For our purposes, the exact location of these friction primers is quite important, because we have primary accounts describing the presence of artillery at the Battle of Buckhead Creek Church, and general indications of their positioning.

Wartime photo of 5th Ohio Cavalry (Library of Congress)
The 5th Ohio Cavalry Regiment, Company G, had obtained two 12-pound mountain howitzers, and these were positioned to the right and left of the road running from the bridge at Buckhead Creek past the church and were loaded with canister to sweep the causeways leading up to, and away from the bridge. Another possibility is the 10th Wisconsin Light Artillery, who were attached to Kilpatrick’s 3rd Division, and were also involved in the rear-guard action at the creek, and who were also armed with mountain howitzers. Using the location of these friction primers and working out the potential distance these would have been hurled from where the guns were fired, we may be able to actually identify where precisely the Union artillery pieces were placed next to the church and add these to the battle interpretation. Moreover, these small copper pieces of conflict also indicate that there is quite a lot of integrity of the battlefield surviving.

Q. You posted on social media the discovery of buck and ball loads (left). What are those?

A. We found two, possibly three pieces of shot from buck and ball loads. Buck and ball loads were essentially two or more .32-caliber shot loaded into a paper cartridge with a .69-caliber ball. When fired, it had the effect of a shotgun, spreading the lethality of impact across a wider target.

Both of our shot has banding from the barrel of the firearm, and impressions from the .69-caliber ball, which is how we know they’ve been fired, since shot can only pick up those alterations from contact when it goes semi-molten from the powder charge when fired.

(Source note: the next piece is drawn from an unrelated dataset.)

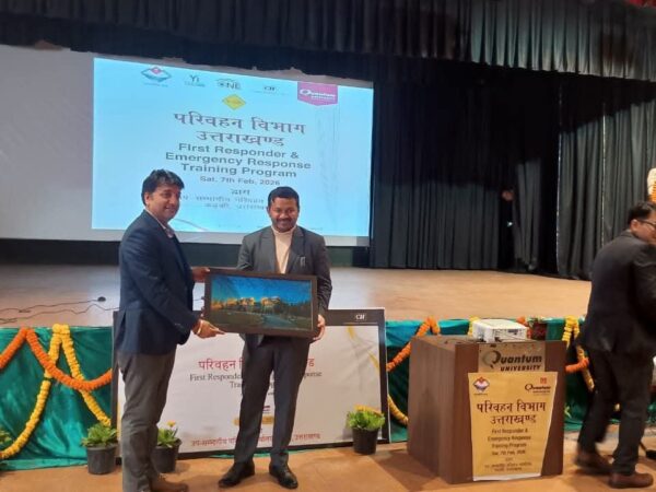 रुड़की। क्वांटम कॉलेज/क्वांटम यूनिवर्सिटी में सड़क सुरक्षा एवं फर्स्ट रेस्पॉन्डर प्रशिक्षण कार्यक्रम का आयोजन किया गया, जिसमें युवाओं को दुर्घटना के समय त्वरित सहायता, कानूनी संरक्षण एवं जीवन रक्षक तकनीकों
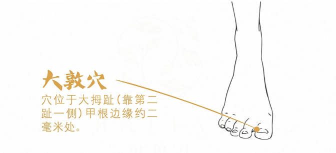 按法:盘腿坐好,以左手拇指按揉右脚此穴,顺着骨缝的间隙按压,并前后滑动,按20下,再以右手按揉左脚此穴,手法和前面一样。

Wheeler himself requested buck and ball cartridges to be sent to Millen for his resupply, and when Sherman’s army took Savannah at the end of the campaign, part of the captured Confederate munitions included a total of 11,500 buck and ball cartridges.

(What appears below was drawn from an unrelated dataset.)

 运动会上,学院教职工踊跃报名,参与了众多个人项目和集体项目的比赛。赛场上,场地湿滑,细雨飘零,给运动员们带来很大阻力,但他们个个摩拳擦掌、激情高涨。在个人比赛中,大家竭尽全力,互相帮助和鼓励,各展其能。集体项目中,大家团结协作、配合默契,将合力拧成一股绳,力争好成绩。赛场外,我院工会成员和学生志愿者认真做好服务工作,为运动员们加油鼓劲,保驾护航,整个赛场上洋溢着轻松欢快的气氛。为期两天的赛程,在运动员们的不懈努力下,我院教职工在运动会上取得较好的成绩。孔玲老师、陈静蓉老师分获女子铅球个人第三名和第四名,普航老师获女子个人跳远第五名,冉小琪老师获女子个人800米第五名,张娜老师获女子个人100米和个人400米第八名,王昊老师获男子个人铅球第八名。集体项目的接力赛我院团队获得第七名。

Q. What types of equipment were used during the school?

A. We used exclusively metal detecting. There are several potential earthwork features that might be ad hoc Union fortification -- rifle pits, a potential tiny lunette -- that we need to return to and examine with GPR (ground-penetrating radar).

Q. Regarding open and public days, any particular questions or themes raised by visitors?

A. One of the consistent themes raised is how heavily metal detected the area has been in the past, and how surprised they were that were finding items. And also a deep appreciation for us working in the area, and raising the profile of both the battlefield, and the church. Despite its great historical importance, it’s not listed on the National Register (of Historic Places), and part of the final reporting of this project will be to nominate the church itself to the National Register as historically significant.

Dr. McNutt with visitors to the excavation site (Camp Lawton Archaeological Project)
Q. I imagine is analysis is to come, but do you have any takeaways from what was found/observed during the five weeks? Anything become clearer about the fighting around the church?

A. I think we’ve likely pretty much confirmed that we uncovered evidence of the 5th Ohio Volunteer Cavalry’s actions at Buckhead Creek. They were a regiment who served in the 2nd brigade of General Kilpatrick’s 3rd Division. Originally, the entire 5th Ohio formed the rear guard, dispersing Confederate attempts to cross the bridge over the creek with canister shot from two 12 pounder mountain howitzers from Company G commanded by Capt. John Pummill.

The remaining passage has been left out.